MATERIALS AND METHODS

Plasmid construction

The E6–8 minigene was generated as described previously (7). E7–8, E7–8 (20) were generated using the E6–8 construct as a template. The M1/E8, A1–E7, E7/M2, M-I (50), M-E8, and M-I (50′, 40′, 30′, 20′, 10′, 5′) constructs were generated using the E6–8 and AdML constructs as templates and inserted into the pcDNA3.1 vector using the NheI, KpnI, and EcoRI sites.

Cell culture and transfection

293T cells were cultured in DMEM media supplemented with antibiotics and 10% FBS. Cells were maintained at 37°C and in 5% CO2. Plasmid transfections were performed using polyethyleneimide (PEI) according to the manufacturer’s protocol.

RT-PCR

Total cellular RNA was extracted using the RiboEx reagent (GeneAll) according to the manufacturer’s instructions. 1 μg of total RNA was reverse transcribed using M-MLV reverse transcriptase (ELPiS) and amplified by PCR using G-Taq polymerase (Cosmo Genetech). The following primers were used for splicing studies: Exon6.F (5′-ATAATTCCCCCACC ACCTCC-3′), Exon8.R (5′-ACTACAACACCCTTCTCACAG-3′), pcDNA.F (5′-CACTGCTTACTGGCTTATCGAA-3′), pcDNA.R (5′-CTAGAAGGCACAGTCGAGGCT-3′), AdML.F (5′-ACTCTT GGATCGGAAACCCGT-3′).
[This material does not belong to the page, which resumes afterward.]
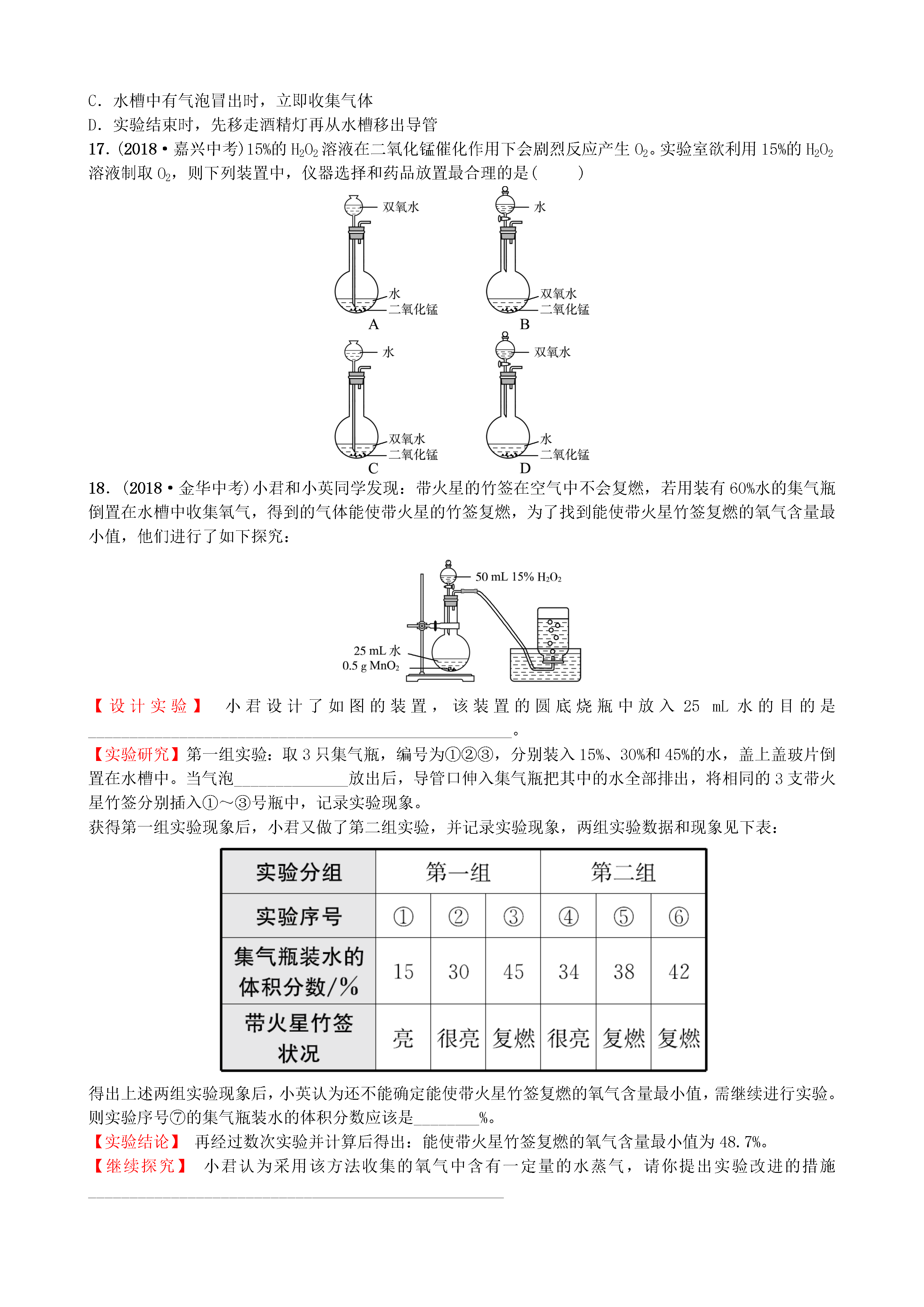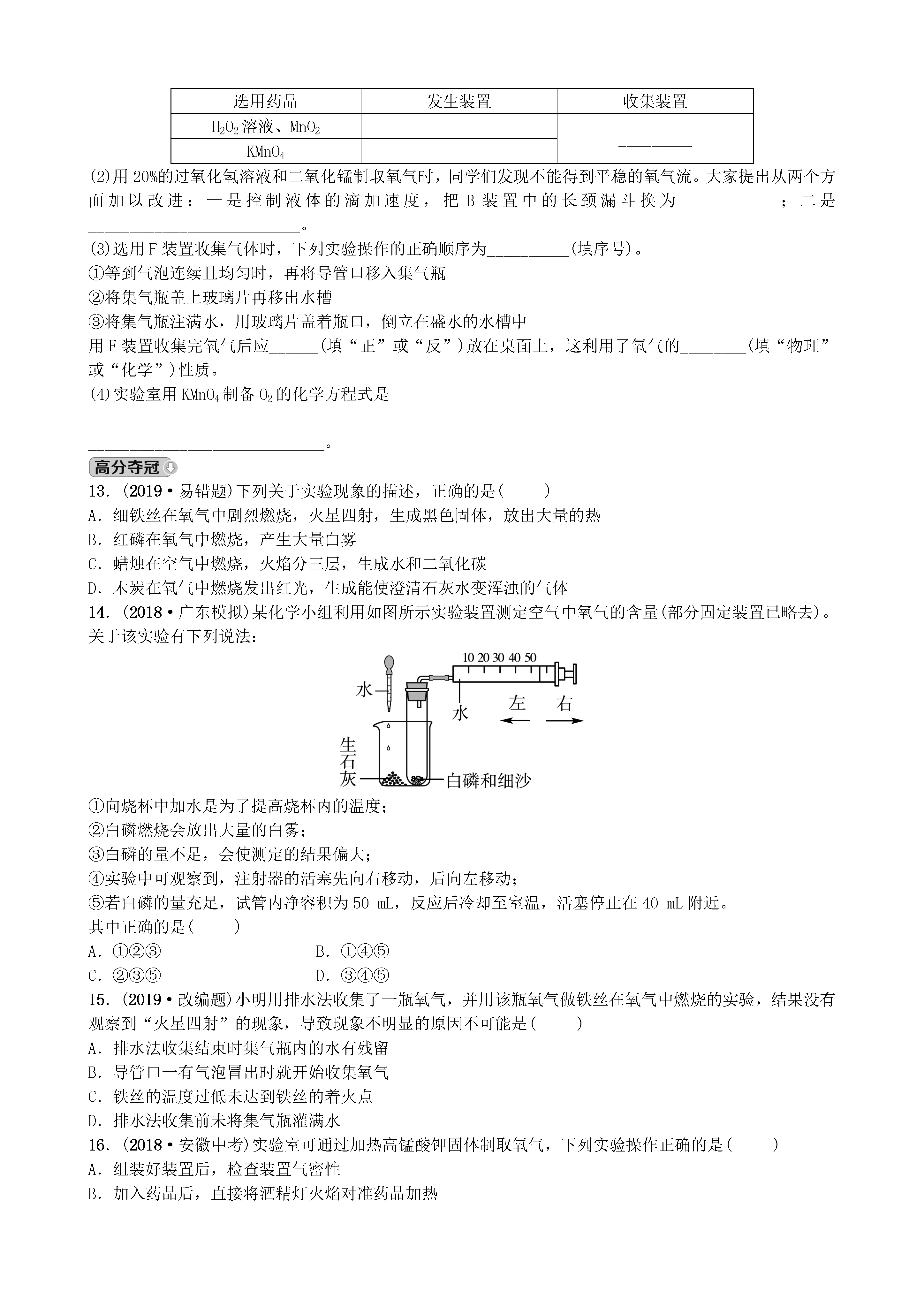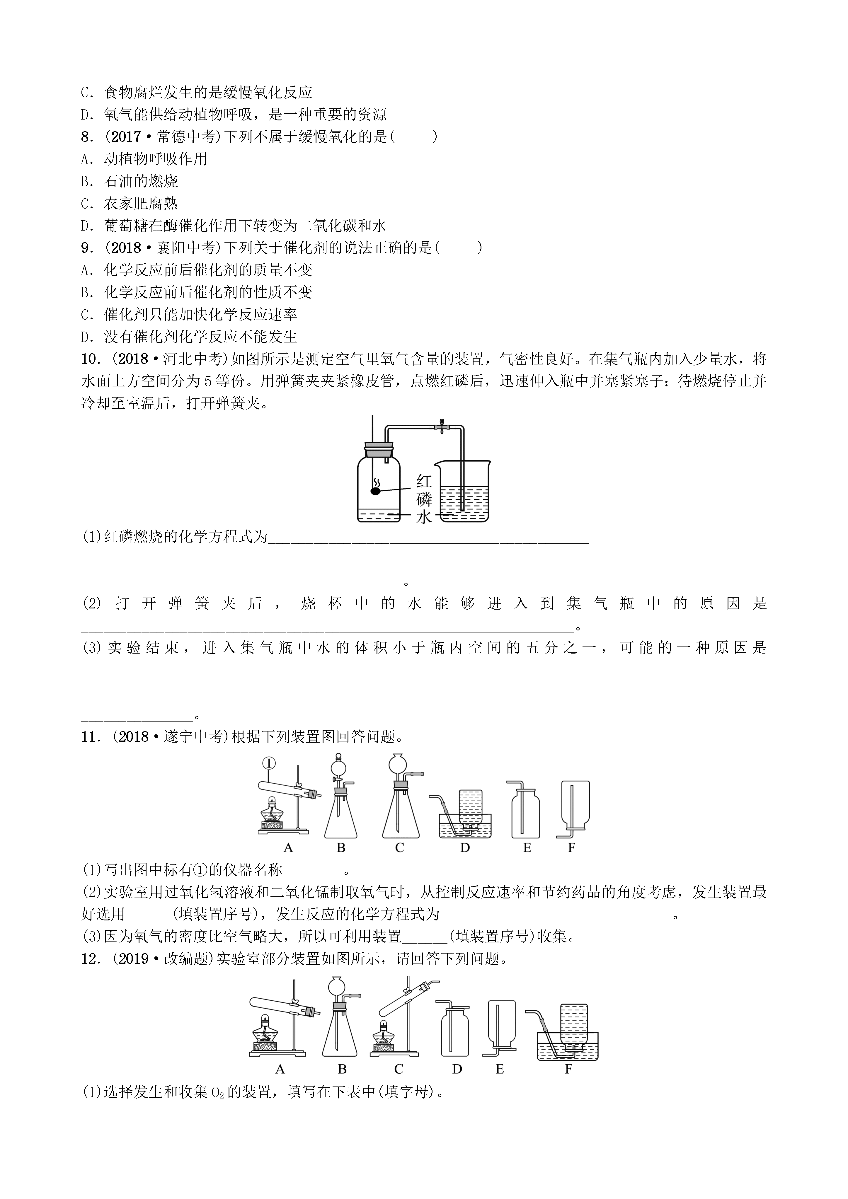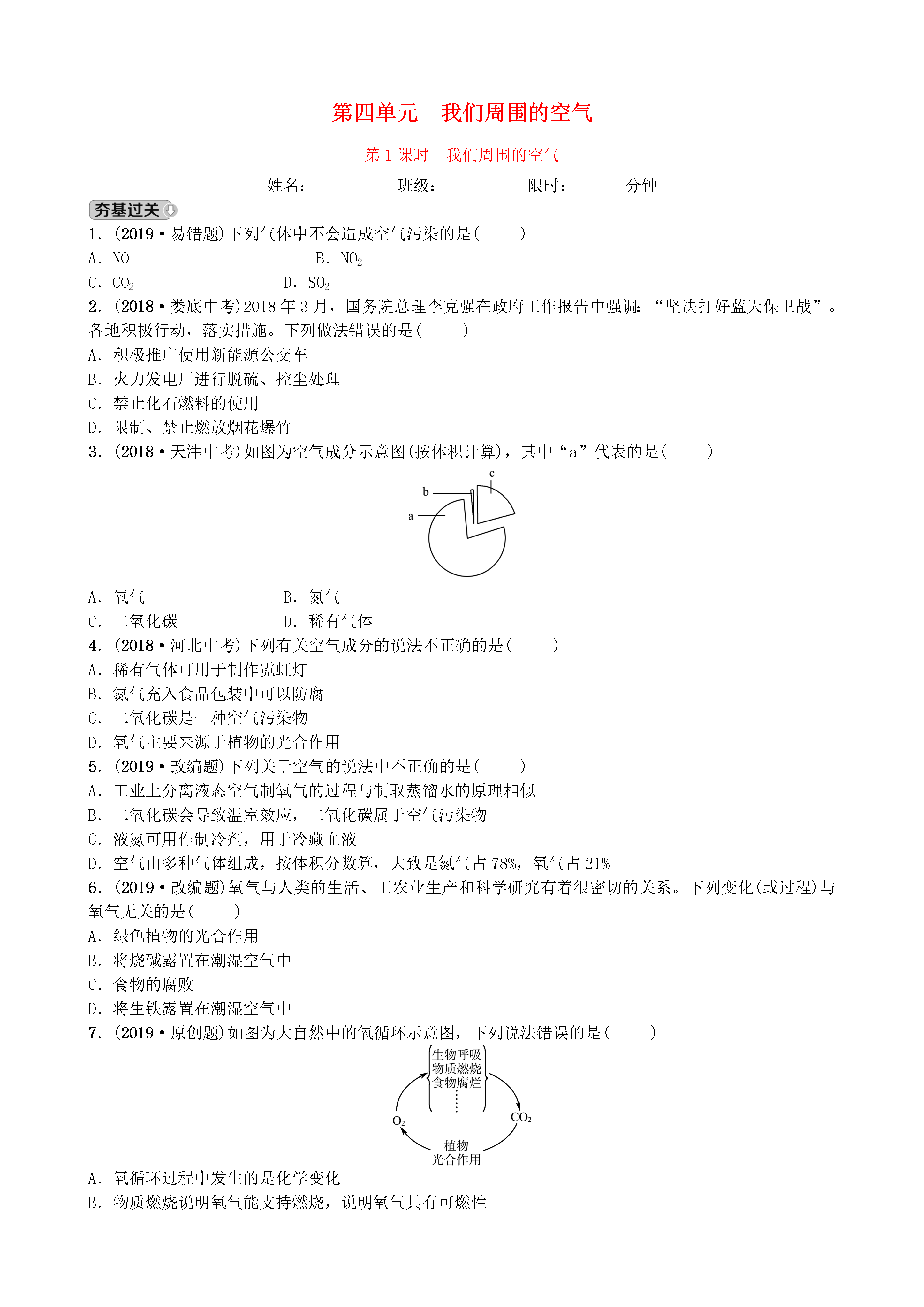 第四单元我们周围的空气第1课时我们周围的空气姓名:________班级:________限时:______分钟1.(2019·易错题)下列气体中不会造成空气污染的是()A.NOB.NO2C.CO2D.SO22.(2018·娄底中考)2018年3月,国务院总理李克强在政府工作报告中强调:“坚决打好蓝天保卫战”。各地积极行动,落实措施。下列做法错误的是()A.积极推广使用新能源公交车B.火力发电厂进行脱硫、控尘处理C.禁止化石燃料的使用D.限制、禁止燃放烟花爆竹3.(2018·天津中考)如图为空气成分示意图(按体积计算),其中“a”代表的是()A.氧气B.氮气C.二氧化碳D.稀有气体4.(2018·河北中考)下列有关空气成分的说法不正确的是()A.稀有气体可用于制作霓虹灯B.氮气充入食品包装中可以防腐C.二氧化碳是一种空气污染物D.氧气主要来源于植物的光合作用5.(2019·改编题)下列关于空气的说法中不正确的是()A.工业上分离液态空气制氧气的过程与制取蒸馏水的原理相似B.二氧化碳会导致温室效应,二氧化碳属于空气污染物C.液氮可用作制冷剂,用于冷藏血液D.空气由多种气体组成,按体积分数算,大致是氮气占78%,氧气占21%6.(2019·改编题)氧气与人类的生活、工农业生产和科学研究有着很密切的关系。下列变化(或过程)与氧气无关的是()A.绿色植物的光合作用B.将烧碱露置在潮湿空气中C.食物的腐败D.将生铁露置在潮湿空气中7.(2019·原创题)如图为大自然中的氧循环示意图,下列说法错误的是()A.氧循环过程中发生的是化学变化B.物质燃烧说明氧气能支持燃烧,说明氧气具有可燃性C.食物腐烂发生的是缓慢氧化反应D.氧气能供给动植物呼吸,是一种重要的资源8.(2017·常德中考)下列不属于缓慢氧化的是()A.动植物呼吸作用B.石油的燃烧C.农家肥腐熟D.葡萄糖在酶催化作用下转变为二氧化碳和水9.(2018·襄阳中考)下列关于催化剂的说法正确的是()A.化学反应前后催化剂的质量不变B.化学反应前后催化剂的性质不变C.催化剂只能加快化学反应速率D.没有催化剂化学反应不能发生10.(2018·河北中考)如图所示是测定空气里氧气含量的装置,气密性良好。在集气瓶内加入少量水,将水面上方空间分为5等份。用弹簧夹夹紧橡皮管,点燃红磷后,迅速伸入瓶中并塞紧塞子;待燃烧停止并冷却至室温后,打开弹簧夹。(1)红磷燃烧的化学方程式为_________________________________________________________________________________________________________________________________________________________________________________。(2)打开弹簧夹后,烧杯中的水能够进入到集气瓶中的原因是__________________________________________________________________。(3)实验结束,进入集气瓶中水的体积小于瓶内空间的五分之一,可能的一种原因是_______________________________________________________________________________________________________________________________________________________________________。11.(2018·遂宁中考)根据下列装置图回答问题。(1)写出图中标有①的仪器名称________。(2)实验室用过氧化氢溶液和二氧化锰制取氧气时,从控制反应速率和节约药品的角度考虑,发生装置最好选用______(填装置序号),发生反应的化学方程式为_______________________________。(3)因为氧气的密度比空气略大,所以可利用装置______(填装置序号)收集。12.(2019·改编题)实验室部分装置如图所示,请回答下列问题。(1)选择发生和收集O2的装置,填写在下表中(填字母)。选用药品发生装置收集装置H2O2溶液、MnO2_______________KMnO4______(2)用20%的过氧化氢溶液和二氧化锰制取氧气时,同学们发现不能得到平稳的氧气流。大家提出从两个方面加以改进:一是控制液体的滴加速度,把B装置中的长颈漏斗换为____________;二是__________________________。(3)选用F装置收集气体时

RNA immunoprecipitation assay

RNA immunoprecipitation assays were performed as described previously (33). Briefly, 100 pmole of 5′-biotinylated RNA was mixed with nuclear or cellular extracts prepared from HeLa cells in Buffer D at 4°C. The mixtures were precipitated with streptavidin-conjugated agarose beads. Proteins resolved by SDS-PAGE were transferred to a PDVF membrane and blocked with 5% skim milk. The membrane was probed with an anti-SRSF2 antibody (Millipore) and the antibody-SRSF2 conjugates were detected by enhanced chemiluminescence (ECL).

Knockdown of SRSF2 with lentivirus-mediated shRNA

Knockdown of SRSF2 was performed as described previously (34). Briefly, shRNA lentivirus was generated by co-transfection of SRSF2 mRNA silencing sequence plasmid (Open Biosystems) with helper plasmids into 293T cells using polyethyleneimide (PEI) reagent. The lentiviruses were added to the cells for 72 h supplemented with 10 μg/ml polybrene.

Immunoblotting

Immunoblotting with anti-SRSF2 antibody was performed as previously described (34). Briefly, cells were harvested and lysed with lysis buffer for 30 min at 4°C. The supernatants were collected and separated on 12% SDS-PAGE, and then transferred to PDVF membrane. After blocking with 5% skim milk, membrane was incubated anti-SRSF2 (Millipore) or anti-U2AF65 antibodies. The signal was detected by enhanced chemiluminescence (ECL).